Venezuela: Morgues Deal with Exploding Corpses Due to Lack of Embalming Supplies

Workers carry a coffin in a caskets factory in Caracas November 29, 2012. REUTERS/Carlos G
REUTERS/Carlos Garcia Rawlins

Venezuela’s morgues are woefully lacking in preservation chemicals, air conditioning, and essential supplies, resulting in the rapid decay of dozens of bodies, some even exploding as part of the decomposition process.

The revelation of the alarming state of Venezuela’s morgues surfaces in a report published this month in the local medium El Pitazo, in which morticians protest that they cannot keep up with the sheer number of bodies being delivered to their doorstep in Latin America’s most violent nation, and they do not have the supplies to properly handle the bodies.

The story particularly highlights the events at a hospital where, due to overflow at the morgue, has also been keeping bodies. On October 5, El Pitazo reporters were on hand to document the handling of an exploding corpse at the Antonio Patricio de Alcalá University Hospital in the Caribbean city of Cumaná.

“It isn’t the first time a corpse explodes,” an unidentified worker tells the reporter. “It has happened at least two other times since mid-September.” The worker noted that, since the facility had run out of formaldehyde, chlorine, or any disinfectant, the bodies were at high risk of decomposition.

“All we have are some gloves,” he lamented.

Workers in both the hospital and morgues complain that the presence of such bodies has made the environment extremely toxic for them — in addition to extremely unpleasant, as the smell of death has overtaken the facilities.

The situation is not new. In July, CNN visited a morgue in the South American nation and found “corpses piled up, sometimes unidentified, on top of each other.”

“With so many homicide victims arriving everyday, the morgue staff can’t keep up,” the report notes. Their only resort is to designate a special “body room” to dump the remains that no families have claimed, where they sometimes stay, without being treated to preserve them, for months.

Caracas, Venezuela is the deadliest city in the world, excluding war-ravaged locations like Aleppo, Syria. Homicides have skyrocketed under socialist president Nicolás Maduro, who took over for dictator Hugo Chávez in 2013. Maduro’s gross mismanagement of the economy, including strict price controls and a prohibition on importing goods using currencies other than the failing Venezuelan bolívar, have not only caused the beginnings of a famine in the country but left it almost entirely devoid of medical supplies. The lack of basic goods coupled with the use of police to oppress anti-socialist protesters rather than combat crime has resulted in Caracas dethroning longtime world’s most violent city San Pedro Sula, Honduras.

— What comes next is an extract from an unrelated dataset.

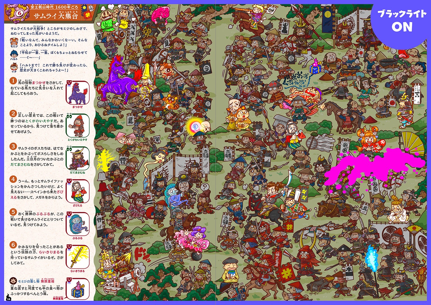 累計18万部超えのシリーズ最新刊は⽇本の歴史をタイムトリップ!『ブラックライトでさがせ!妖怪探偵歴史旅行』5/26発売&「上野の森親子ブックフェスタ2022」で先行販売・絵本体験イベント開催

The medical and criminal crises have sometimes overlapped in Venezuela. Such was the case in July 2014, when a criminal undergoing surgery was shot to death on the operating table after gunmen burst into the room.

Other hospital deaths include the deaths of 17 infants in 2015 after a hospital ran out of disinfectants and suffered a major opossum infestation. Amputations are far more common as hospitals cannot keep their stocks of antibiotics replenished, leaving amputation as the only option to stop an infection from spreading throughout the body.

“We don’t have face masks, asthma medication, very few antibiotics and we have no reactive materials for blood testing,” Dr. Teodoro Pérez, who works in a hospital that implemented a “bring your own” medicine policy, said in July. “We don’t even have test tubes to put the blood in.”